Gas regulating valve and battery

Technical Field

The utility model relates to the technical field of batteries, in particular to a gas regulating valve and a battery.

Background

With the continuous development of lithium ion batteries, safety is also receiving more and more social attention. The lithium ion battery is used as the core of the new energy era and has the advantages of high energy, high battery voltage, wide working temperature range, long storage life and the like.

But the cell can generate gas in the cell during use, so that the cell expands. The generation of expansion force can bring serious harm to the battery cell and the module. For the battery cell, the internal pressure of the battery cell is increased, the performance and the service life of the battery cell can be attenuated, and the battery shell is seriously broken and exploded; for modules, if the expansion force is not properly handled, the module size is out of tolerance and even the structural frame is destroyed.

In summary, the present utility model provides a gas regulating valve and a battery to solve the problem of cell expansion caused by gas generation in the cell.

Disclosure of Invention

The embodiment of the utility model provides a gas regulating valve and a battery, which can improve the technical problem of cell expansion caused by gas generation in a cell.

In one aspect, embodiments of the present utility model provide a gas regulating valve for battery protection, comprising:

the base is internally provided with a first accommodating cavity and a first vent hole which are connected in a penetrating way;

the fixing piece is positioned in the first accommodating cavity, and at least one second ventilation hole is formed in the fixing piece;

the first vent hole, the first accommodating cavity and the second vent hole are communicated, and the first vent hole and the second vent hole are positioned at two ends of the first accommodating cavity;

an elastic piece positioned in the first accommodating cavity;

and the diaphragm is positioned between the elastic piece and the first vent hole or between the elastic piece and the second vent hole.

In an embodiment, the membrane is bowl-shaped and comprises a main body part positioned in the central area of the membrane and a connecting part positioned at the periphery of the main body part, wherein the thickness of the main body part is larger than that of the connecting part.

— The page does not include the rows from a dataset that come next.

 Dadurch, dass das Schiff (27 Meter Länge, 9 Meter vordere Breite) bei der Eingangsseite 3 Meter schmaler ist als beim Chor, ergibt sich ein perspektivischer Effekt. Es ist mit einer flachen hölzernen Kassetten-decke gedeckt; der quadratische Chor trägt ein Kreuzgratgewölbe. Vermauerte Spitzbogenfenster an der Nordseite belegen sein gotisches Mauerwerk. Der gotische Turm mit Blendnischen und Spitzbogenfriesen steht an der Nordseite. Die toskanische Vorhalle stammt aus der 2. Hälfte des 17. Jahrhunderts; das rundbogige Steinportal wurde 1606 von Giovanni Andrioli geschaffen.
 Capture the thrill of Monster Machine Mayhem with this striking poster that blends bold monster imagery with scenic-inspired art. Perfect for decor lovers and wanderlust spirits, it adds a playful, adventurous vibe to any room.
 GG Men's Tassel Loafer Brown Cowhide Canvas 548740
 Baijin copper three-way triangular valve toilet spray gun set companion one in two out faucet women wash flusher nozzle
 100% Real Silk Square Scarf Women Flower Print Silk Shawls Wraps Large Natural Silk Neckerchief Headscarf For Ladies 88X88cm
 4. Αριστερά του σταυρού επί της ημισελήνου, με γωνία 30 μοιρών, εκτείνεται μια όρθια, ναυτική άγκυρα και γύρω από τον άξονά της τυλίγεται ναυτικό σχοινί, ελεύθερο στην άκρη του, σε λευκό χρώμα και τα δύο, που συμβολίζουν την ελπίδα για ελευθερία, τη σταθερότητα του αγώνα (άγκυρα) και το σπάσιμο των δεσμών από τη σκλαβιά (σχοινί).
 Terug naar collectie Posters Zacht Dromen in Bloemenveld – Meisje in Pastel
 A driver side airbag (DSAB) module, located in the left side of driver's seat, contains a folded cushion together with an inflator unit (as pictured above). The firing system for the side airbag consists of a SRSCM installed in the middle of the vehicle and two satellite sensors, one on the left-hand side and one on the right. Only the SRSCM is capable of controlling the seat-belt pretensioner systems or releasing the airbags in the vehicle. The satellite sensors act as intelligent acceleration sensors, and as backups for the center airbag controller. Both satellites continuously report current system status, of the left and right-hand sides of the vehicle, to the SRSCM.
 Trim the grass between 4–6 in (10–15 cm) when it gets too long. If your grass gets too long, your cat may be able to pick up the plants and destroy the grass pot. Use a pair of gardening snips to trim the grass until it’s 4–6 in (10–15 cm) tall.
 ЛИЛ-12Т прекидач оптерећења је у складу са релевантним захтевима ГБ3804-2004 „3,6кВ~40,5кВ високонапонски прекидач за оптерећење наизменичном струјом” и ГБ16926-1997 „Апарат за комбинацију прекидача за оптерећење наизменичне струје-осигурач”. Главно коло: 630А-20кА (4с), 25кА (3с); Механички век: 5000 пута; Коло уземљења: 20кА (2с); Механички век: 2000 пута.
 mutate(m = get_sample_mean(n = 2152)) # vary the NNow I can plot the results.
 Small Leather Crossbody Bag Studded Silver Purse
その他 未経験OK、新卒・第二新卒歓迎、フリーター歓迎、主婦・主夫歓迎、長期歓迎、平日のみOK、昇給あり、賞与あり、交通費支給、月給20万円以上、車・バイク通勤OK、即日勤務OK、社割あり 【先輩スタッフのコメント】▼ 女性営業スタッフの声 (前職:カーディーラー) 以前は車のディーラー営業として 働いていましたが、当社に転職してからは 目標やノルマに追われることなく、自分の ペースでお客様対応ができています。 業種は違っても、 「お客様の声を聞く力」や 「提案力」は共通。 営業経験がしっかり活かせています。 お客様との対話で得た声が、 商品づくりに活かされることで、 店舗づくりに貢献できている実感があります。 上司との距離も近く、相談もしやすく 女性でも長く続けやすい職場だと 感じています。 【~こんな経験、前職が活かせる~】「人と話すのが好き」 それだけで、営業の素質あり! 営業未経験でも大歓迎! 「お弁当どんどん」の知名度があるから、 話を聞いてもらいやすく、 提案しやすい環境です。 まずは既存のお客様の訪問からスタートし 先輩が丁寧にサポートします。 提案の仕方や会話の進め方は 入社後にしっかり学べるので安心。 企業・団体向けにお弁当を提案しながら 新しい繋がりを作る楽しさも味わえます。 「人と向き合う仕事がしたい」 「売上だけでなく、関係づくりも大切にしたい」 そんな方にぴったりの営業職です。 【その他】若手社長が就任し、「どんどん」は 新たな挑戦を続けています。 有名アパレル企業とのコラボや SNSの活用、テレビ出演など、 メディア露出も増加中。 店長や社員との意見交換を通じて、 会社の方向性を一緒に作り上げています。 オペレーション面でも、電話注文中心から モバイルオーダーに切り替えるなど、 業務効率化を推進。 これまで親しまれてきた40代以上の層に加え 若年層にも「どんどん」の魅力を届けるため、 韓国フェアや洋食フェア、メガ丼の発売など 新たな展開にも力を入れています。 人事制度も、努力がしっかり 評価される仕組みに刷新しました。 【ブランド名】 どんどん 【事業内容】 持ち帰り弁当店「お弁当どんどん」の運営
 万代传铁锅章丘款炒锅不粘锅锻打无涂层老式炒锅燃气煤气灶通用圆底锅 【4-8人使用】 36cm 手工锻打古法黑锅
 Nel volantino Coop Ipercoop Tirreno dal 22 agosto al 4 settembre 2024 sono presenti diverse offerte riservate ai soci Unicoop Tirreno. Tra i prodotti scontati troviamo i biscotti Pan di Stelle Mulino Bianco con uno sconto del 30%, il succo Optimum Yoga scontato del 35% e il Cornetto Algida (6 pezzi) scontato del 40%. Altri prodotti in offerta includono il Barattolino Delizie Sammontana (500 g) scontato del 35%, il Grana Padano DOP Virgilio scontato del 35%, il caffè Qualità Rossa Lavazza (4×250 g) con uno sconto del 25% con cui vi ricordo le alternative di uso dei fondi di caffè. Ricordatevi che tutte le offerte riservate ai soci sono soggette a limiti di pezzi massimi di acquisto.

In an embodiment, a second accommodating cavity is arranged in the fixing piece, the elastic piece is positioned in the second accommodating cavity, and the first vent hole, the second accommodating cavity and the first vent hole are communicated; the main body part is located between the elastic piece and the first vent hole, and the connecting part is in sealing connection with the bottom of the second accommodating cavity.

In an embodiment, the bottom of the second accommodating cavity is provided with a ventilation groove in a surrounding manner, and the ventilation groove is at least located in a sealing range between the bottom of the first accommodating cavity and the connecting portion.

In an embodiment, a third vent is provided at a bonding interface of the holder and the base.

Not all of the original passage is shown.